Furthermore I may have suggested that there is no longer honour amongst parliamentarians and that they set a poor example.
I’ve extended that opprobrium to bank bosses who presided over catastrophe but still took the bonus and the fat pension, happy to let the victims of their misjudgements go hang. To read my columns in the past you’d think some of these people were the worst examples of humanity to crawl out from under a stone.
I was wrong. There is worse. There’s FIFA.
Incredibly, Sepp Blatter got himself re-elected as world football’s president for another term. I’m not ageist: nothing wrong with a 79-year-old staying at the helm of an international organisation if he’s up to it. Now he’s resigned, abruptly: for real, or doing a Farage? Time will tell.
Blatter ran an organisation whose reputation was destroyed not by any sudden and surprising revelation but through endemic and systemic corruption over many years. He steadfastly refused to accept that anything was amiss, even suppressing the findings of FIFA’s own investigation.
Last week, bullish in his re-election campaign, he appeared to acknowledge there had been wrongdoing. But FIFA’s a big organisation, he said: how could he know everything that’s going on?
You’ve got to hand it to him. He’s thick-skinned!

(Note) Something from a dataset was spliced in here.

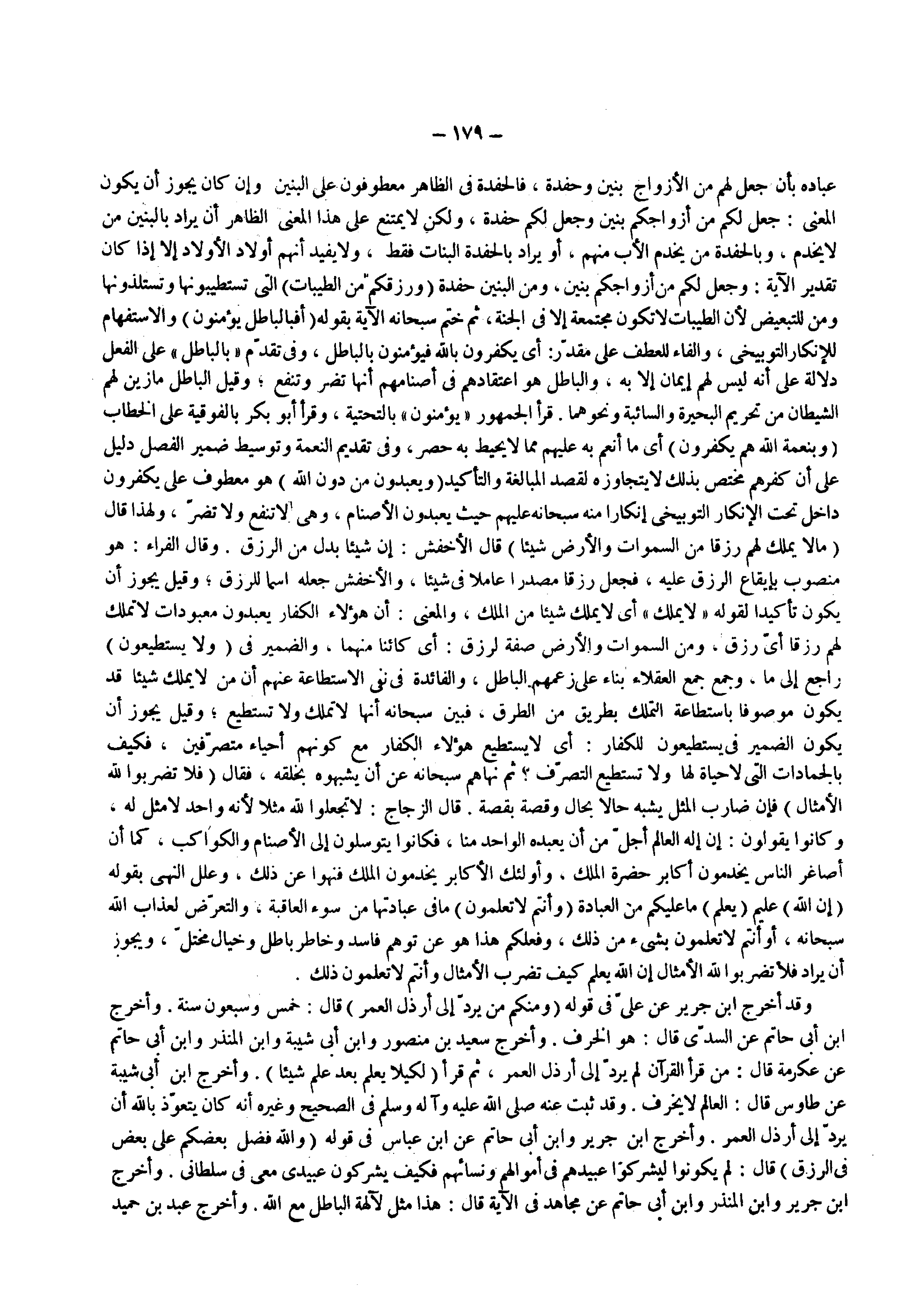 وقد أخرج ابن جرير عن على فى قوله ) ومنكم من يرد إلى أرذل العمر ( قال خمس وسبعون سنة وأخرج ابن أبى حاتم عن السدى قال هو الخرف وأخرج سعيد بن منصور وابن أبى شيبة وابن المنذر وابن أبى حاتم عن عكرمة قال من قرأ القرآن لم يرد إلى أرذل العمر ثم قرأ ? لكيلا يعلم بعد علم شيئا ? وأخرج ابن أبى شيبة عن طاوس قال العالم لا يخرف وقد ثبت عنه ( صلى الله عليه وسلم ) فى الصحيح وغيره أنه كان يتعوذ بالله أن يرد إلى أرذل العمر وأخرج ابن جرير وابن أبى حاتم عن ابن عباس فى قوله ) والله فضل بعضكم على بعض في الرزق ( قال لم يكونوا ليشركوا عبيدهم فى أموالهم ونسائهم فكيف يشركون عبيدى معى فى سلطانى وأخرج ابن جرير وابن المنذر وابن أبى حاتم عن مجاهد فى الآية قال هذا مثل لآلهة الباطل مع الله وأخرج عبد بن حميد

He turned up to the election with someone else’s wife: she didn’t appear to be with him simply to take shorthand. (What was it that attracted you to the discredited 79-year-old billionaire, my dear?)
When the FBI arrested ten senior FIFA officials days before that vote, Blatter claimed a personal vendetta against him, orchestrated by UEFA, the European football federation.
Blatter himself may be interviewed by Swiss police. So is he corrupt? If he behaved criminally, the FBI will prove it.
But that’s not the central issue for me.
In my view his fault lies in glorying in that super-national status, relishing the way in which prime-ministers, presidents and royalty paid court to him, while wilfully and knowingly ignoring wrongdoing.
The re-election proved, moreover, that the mire of deception and corruption could not be laid at the door of one man, however powerful. In re-electing him, in spite of a small (one-third) protest vote, FIFA proved itself content to be revealed as bent, crooked and complacent: it told the world it didn’t give a damn, cocking a snook at both fans and the national associations.
With or without Blatter, FIFA should be dismantled, cleaned up and built anew.
Therein lies the difficulty. Times columnist Matt Ridley, that wise commentator rooted firmly in Northumberland, observed on Monday that international quangos such as FIFA, sprawling across the world and accountable to no one but themselves, are almost impossible to control or police.
They’re supremely effective at dividing and ruling opposition. Thus Blatter characterised UEFA as the villain: Russia’s Vladimir Putin, delighted to host the World Cup in 2018, denounced the FBI’s investigation as politically-motivated interference; Mother Russia played the victim card again.
Prince William and Gary Lineker alike, and perhaps surprisingly, spoke for the FA, the entire European Federation (UEFA) and, indeed, all of us when they expressed their disgust at FIFA’s behaviour. Blatter’s departure must not prevent pressure being brought on the organisation. If it continues to resist that pressure, we should be prepared to boycott the next World Cup and every successive event until it’s cleaned up.
It’s a big ask. Fans love the great tournament which brings together the globe’s finest teams. But if that Cup is tarnished, stinking of corruption, the joy has departed from it: we’re better off out of it.
How depressing. And there we were, thinking that football was just a game.
Dr Bernard Trafford is Headmaster of Newcastle’s Royal Grammar School. The views here are personal.